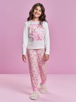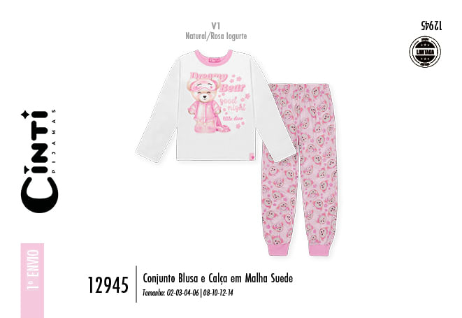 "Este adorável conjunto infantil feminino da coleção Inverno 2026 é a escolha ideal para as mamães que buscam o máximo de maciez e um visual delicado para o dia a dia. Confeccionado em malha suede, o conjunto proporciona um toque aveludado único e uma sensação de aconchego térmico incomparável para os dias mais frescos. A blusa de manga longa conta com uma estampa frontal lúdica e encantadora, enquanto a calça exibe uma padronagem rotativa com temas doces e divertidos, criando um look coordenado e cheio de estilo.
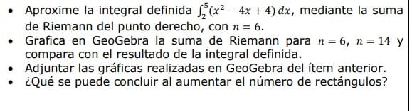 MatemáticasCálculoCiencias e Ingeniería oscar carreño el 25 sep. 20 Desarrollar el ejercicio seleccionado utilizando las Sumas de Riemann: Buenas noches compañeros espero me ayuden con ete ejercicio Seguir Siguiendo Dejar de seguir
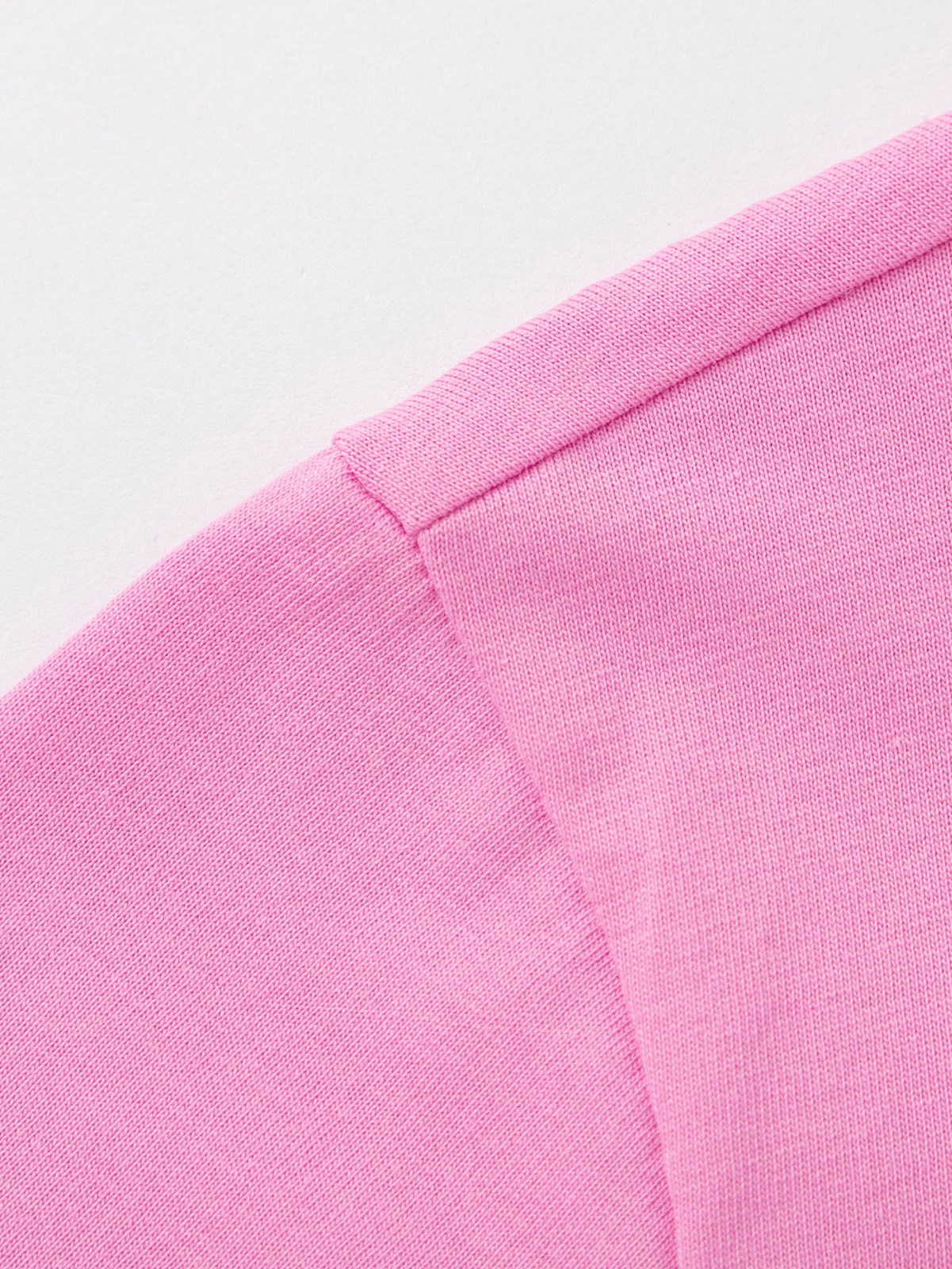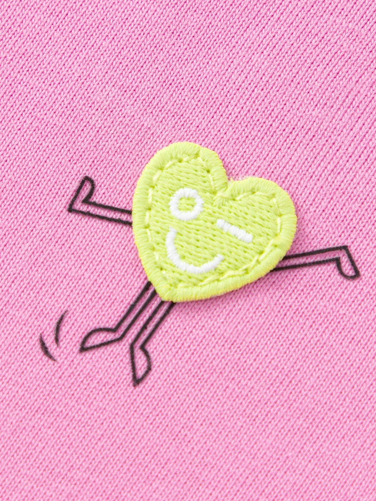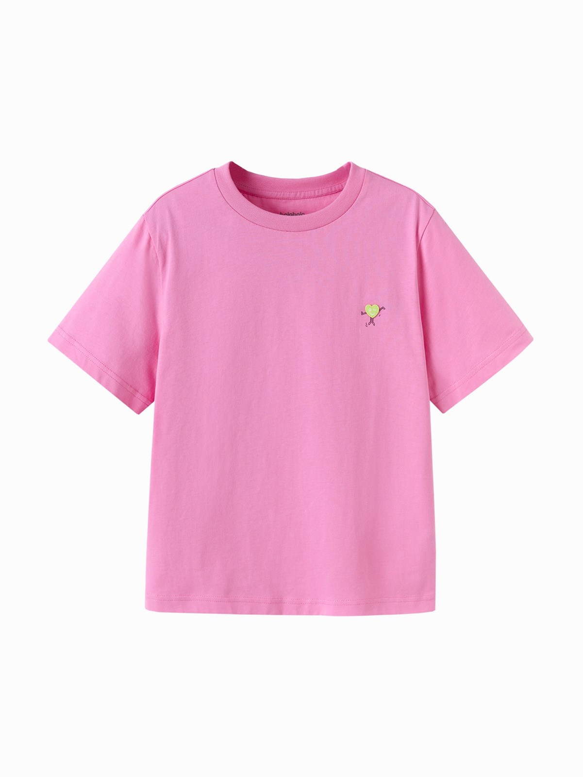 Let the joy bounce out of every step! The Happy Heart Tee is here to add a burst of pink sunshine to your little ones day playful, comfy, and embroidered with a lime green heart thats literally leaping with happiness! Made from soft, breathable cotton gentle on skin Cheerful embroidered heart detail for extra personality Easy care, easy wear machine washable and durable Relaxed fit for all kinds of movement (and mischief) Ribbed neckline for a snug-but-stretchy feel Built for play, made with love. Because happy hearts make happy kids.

§ PROBLEM TO WORK ON
Make an exact printout of the listing above, omitting the images.

§ RESPONSE TO THE EXERCISE
 "Este adorável conjunto infantil feminino da coleção Inverno 2026 é a escolha ideal para as mamães que buscam o máximo de maciez e um visual delicado para o dia a dia. Confeccionado em malha suede, o conjunto proporciona um toque aveludado único e uma sensação de aconchego térmico incomparável para os dias mais frescos. A blusa de manga longa conta com uma estampa frontal lúdica e encantadora, enquanto a calça exibe uma padronagem rotativa com temas doces e divertidos, criando um look coordenado e cheio de estilo.
 MatemáticasCálculoCiencias e Ingeniería oscar carreño el 25 sep. 20 Desarrollar el ejercicio seleccionado utilizando las Sumas de Riemann: Buenas noches compañeros espero me ayuden con ete ejercicio Seguir Siguiendo Dejar de seguir
 Let the joy bounce out of every step! The Happy Heart Tee is here to add a burst of pink sunshine to your little ones day playful, comfy, and embroidered with a lime green heart thats literally leaping with happiness! Made from soft, breathable cotton gentle on skin Cheerful embroidered heart detail for extra personality Easy care, easy wear machine washable and durable Relaxed fit for all kinds of movement (and mischief) Ribbed neckline for a snug-but-stretchy feel Built for play, made with love. Because happy hearts make happy kids.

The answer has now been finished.